From the perspective of business model, AI models are mainly divided into two ways. One is to provide API interfaces to enterprise users, in the form of Model-as-a-Service, enterprises can call the corresponding multimodal AI model for processing according to their own needs. The other is to embed multimodal AI models into its own products and services to provide specific solutions. Both of these methods have huge market potential and can be applied in various fields, such as intelligent transportation, intelligent manufacturing, smart home, etc.
According to market research firm Tractica, the multimodal AI technology market is expected to reach $28.2 billion by 2025, with a growth rate of more than 28%. Coupled with the development of cloud computing and edge computing technologies, the application of multimodal AI will be more extensive.
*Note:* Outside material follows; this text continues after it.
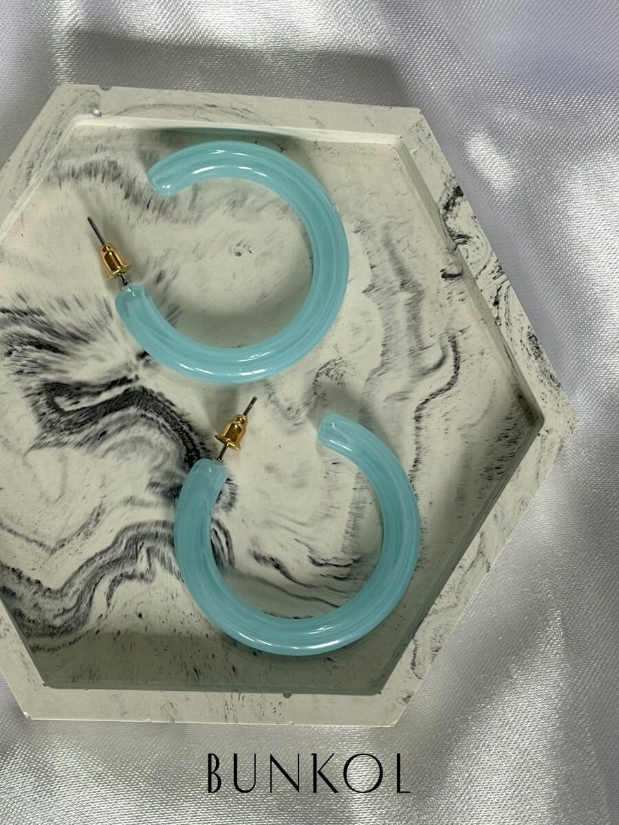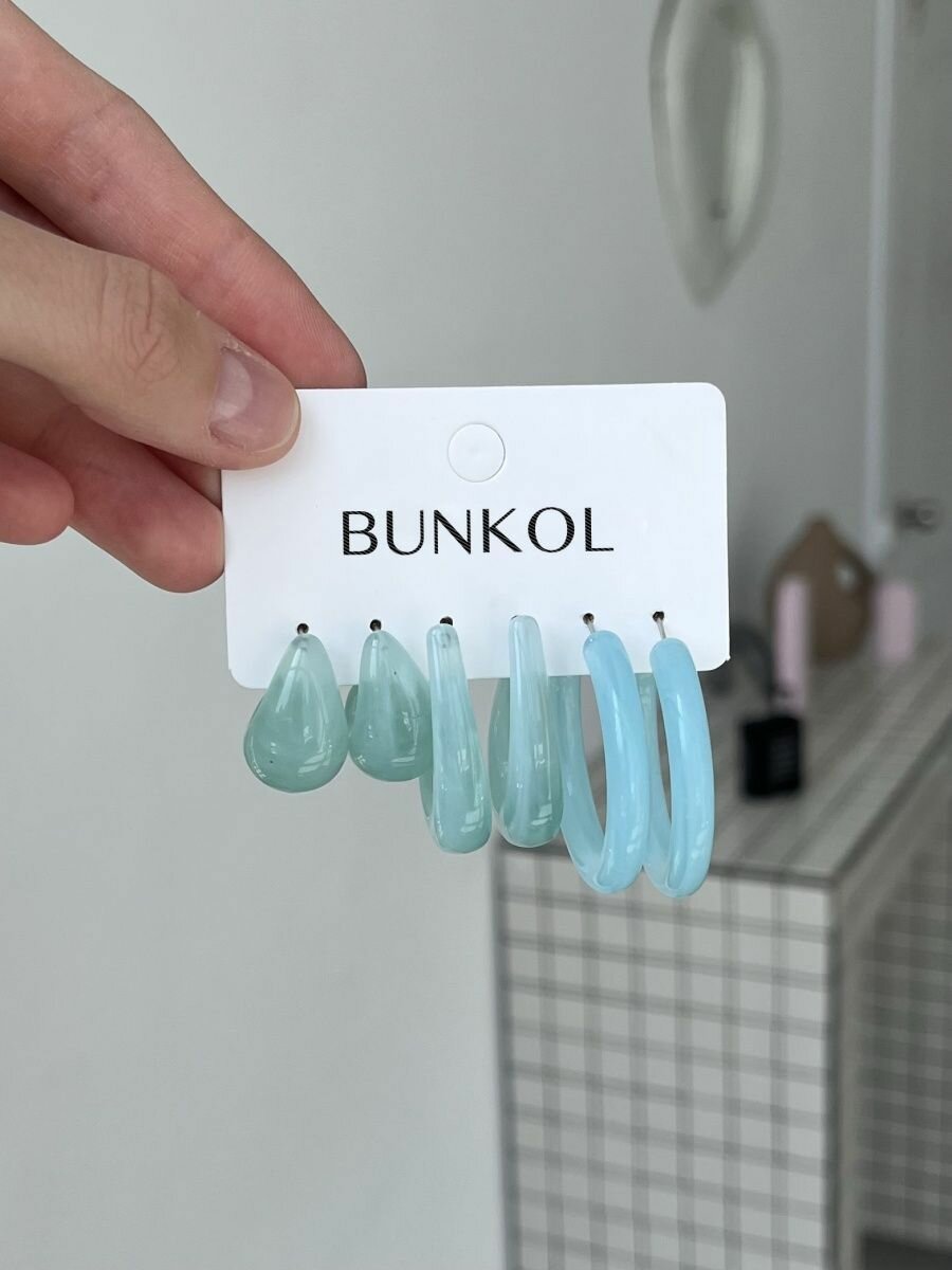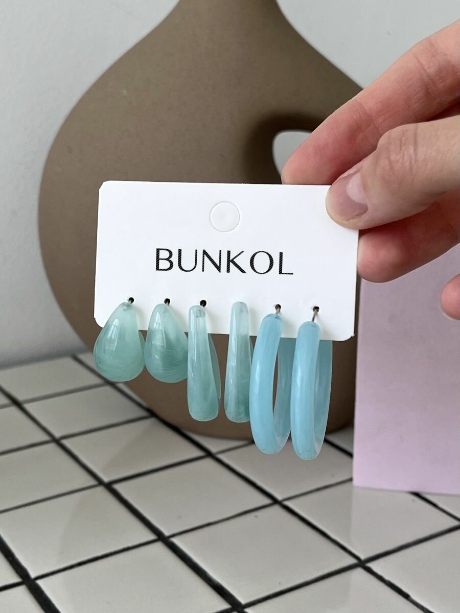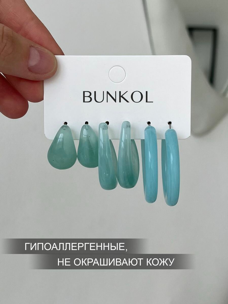Комплект серег Bunkol, эмаль, пластик, размер 30 мм, синий, голубой

At present, multimodal AI technology still faces some challenges. One of them is the acquisition and processing of multimodal data, where different types of data require different sensors and algorithms to process. In addition, the quality and accuracy of the data is also a challenge, especially since the data acquired in various environments and scenarios can be noisy and inaccurate.
Therefore, the development of multimodal AI technology in the future needs to further solve the problem of data acquisition and processing, and improve the performance and usability of the model. At the same time, it is also necessary to strengthen the research and innovation of multimodal AI technology, promote the expansion of multimodal AI application scenarios to a wider range of fields, and realize the comprehensive application of artificial intelligence in various industries.